Use Java, Silverlight, and Other Plugins in Modern Browsers - - Windows Tips and Tricks with Geek

Thursday, August 12, 2021

Use Java, Silverlight, and Other Plugins in Modern Browsers


Use Internet Explorer (Even on Windows 10)

Internet Explorer is Microsoft’s legacy browser, and Microsoft still supports it with security updates. Even on Windows 10, where Microsoft Edge is the default web browser, Microsoft still includes the old version of Internet Explorer 11 for compatibility purposes. This is important because Microsoft Edge, Microsoft’s modern browser, doesn’t support any ActiveX-based plugins.
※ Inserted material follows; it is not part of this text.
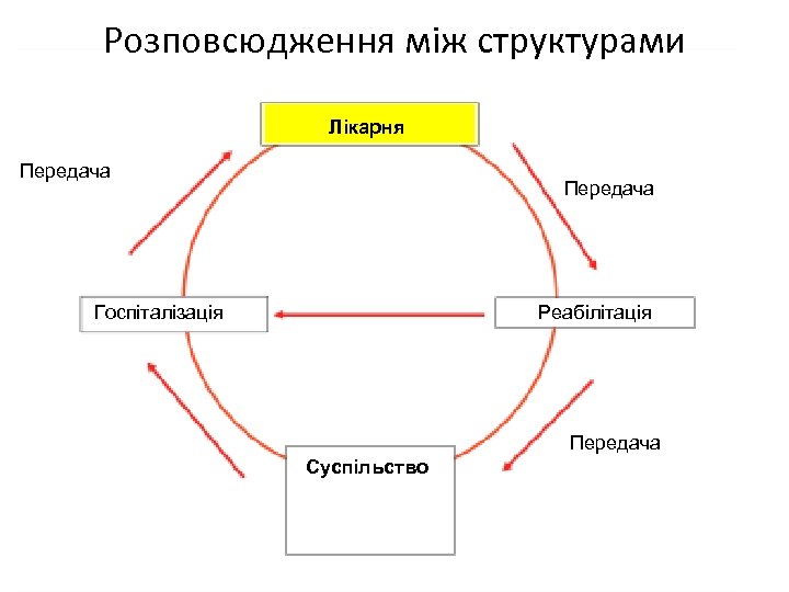 Розповсюдження між структурами Лікарня Передача Госпіталізація Реабілітація Передача Суспільство

It only supports its own built-in version of Adobe Flash.

Whether you’re using Windows 7, 8, or 10, you’ll find Internet Explorer in your Start menu. On Windows 10, you’ll find it hidden under Start > Windows Accessories > Internet Explorer. If you use Microsoft Edge, you can click menu > Open With Internet Explorer on any web page to quickly open that web page in Internet Explorer.
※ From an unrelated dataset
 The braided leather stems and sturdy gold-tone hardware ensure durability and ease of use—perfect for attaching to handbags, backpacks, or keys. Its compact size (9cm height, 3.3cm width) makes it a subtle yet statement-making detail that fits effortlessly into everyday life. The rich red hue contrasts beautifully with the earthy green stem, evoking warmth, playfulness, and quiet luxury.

You probably won’t want to use Internet Explorer as your browser all the time, but you can launch it whenever you need to use a website that requires a plugin. To install these plugins, just launch IE and visit the appropriate website—Oracle’s Java site or Microsoft’s Silverlight site, for example.

If Java doesn’t run properly, make sure the browser plugin is enabled in its control panel. You’ll find the Java control panel at Control Panel > Programs > Java. On the “Security” tab, ensure “Enable Java content in the browser” is enabled. You may need to restart your browser after changing this setting.

If you have to access an old web page that doesn’t work with Internet Explorer 11 and requires an older version of Internet Explorer, you can use Internet Explorer 11’s Enterprise Mode. This requires the Professional version of Windows 10, though, and isn’t available on the Home version.

Install Mozilla Firefox ESR on Windows, macOS, or Linux

Mozilla ended support for traditional NPAPI browser plugins, aside from Flash, with Firefox 52 on March 7, 2017.

However, Mozilla offers an “Extended Support Release”, or ESR, branch of the Firefox browser. This browser is intended for organizations to have a stable, long-term platform that only receives security updates, not the frequent feature updates and changes that the main version of Firefox receives.

Firefox 52 ESR was released on March 7, 2017 and includes support for non-Flash browser plugins. Mozilla will continue supporting Firefox 52 ESR with security updates until sometime in the second quarter of 2018. At that point, the next ESR version of Firefox will drop support for NPAPI plugins.

Visit the Download Firefox Extended Support Release page to download the ESR version of Firefox. If you’re not sure which version to download, choose the 32-bit version of Firefox for maximum compatibility with older plugins. Older plugins may not have 64-bit versions available.


You can verify you’re using the ESR version of Firefox by clicking menu > Help > About Firefox. You’ll see “Firefox ESR” here if you’re on the ESR update channel.